Попытался обнять, чтобы согреть, и я позволила. В тот момент я плохо понимала, что вообще происходит. Продолжала дрожать, только не от холода, как подумал Этеле, а от всего увиденного, и никак не могла заставить себя успокоиться. Перед глазами стояла жуткая картина убийства. Та девушка в черном бархатном платье совершенно точно была мертва. Эти ее остекленевшие глаза. И разорванное горло.
Не выживают после такого.
— Там... там…
Несмотря на пробиравшую меня дрожь, лицо вдруг начало гореть. Не сразу поняла, что это от слез, оставлявших на щеках влажные дорожки. Кажется, сценарий меня все-таки догнал: уткнувшись Этеле в плечо, я заревела. Ревела, глотая слезы и снова и снова переживая испытанный несколько минут назад панический страх.

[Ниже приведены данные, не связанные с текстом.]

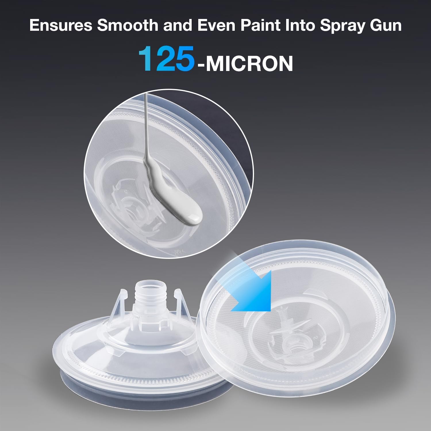 - Fine Filtration For Smooth Finishes: The paint cups lids features built-in 125-micron filters for a smoother, more even coat compared to 190-micron filters. the paint measuring cups is compatible with all types of paints, primers, epoxies, and commercial coatings. Ideal for painting Cars, Boats, Aerospace, Furniture, Home, Arts and Crafts.

Постепенно холл стали заполнять приглашенные, многие как были — в легкой одежде — выходили на улицу. Мимо нас промчалась бледная Цецилия. За ней степенно прошествовал Габор и этот жуткий татуированный тип — Ксавер. Но мне, если честно, тогда не было до них дела. Все мысли были только о несчастной жертве и жестоком существе (назвать убийцу человеком язык не поворачивался), сотворившем с ней такое.
Я так и не смогла объяснить Этеле, что случилось. Это за меня сделал вернувшийся Кристиан, рассказавший другу и другим ребятам, подтянувшимся к нам, о погибшей.
— Это одна из ведьм Габора, — когда ведьмак бегло описал ее внешность, пробормотала Хелена.
Лили шмыгнула носом и прижалась к брату. Ясмин стояла, обхватив плечи руками, и тоже дрожала.
Равнодушным внезапная смерть в ту ночь никого не оставила.
Утром я проснулась с тяжелой головой и горьким осознанием, что мне не привиделся этот кошмар. Все произошло на самом деле: кто-то жестоко убил девушку прямо у меня под носом.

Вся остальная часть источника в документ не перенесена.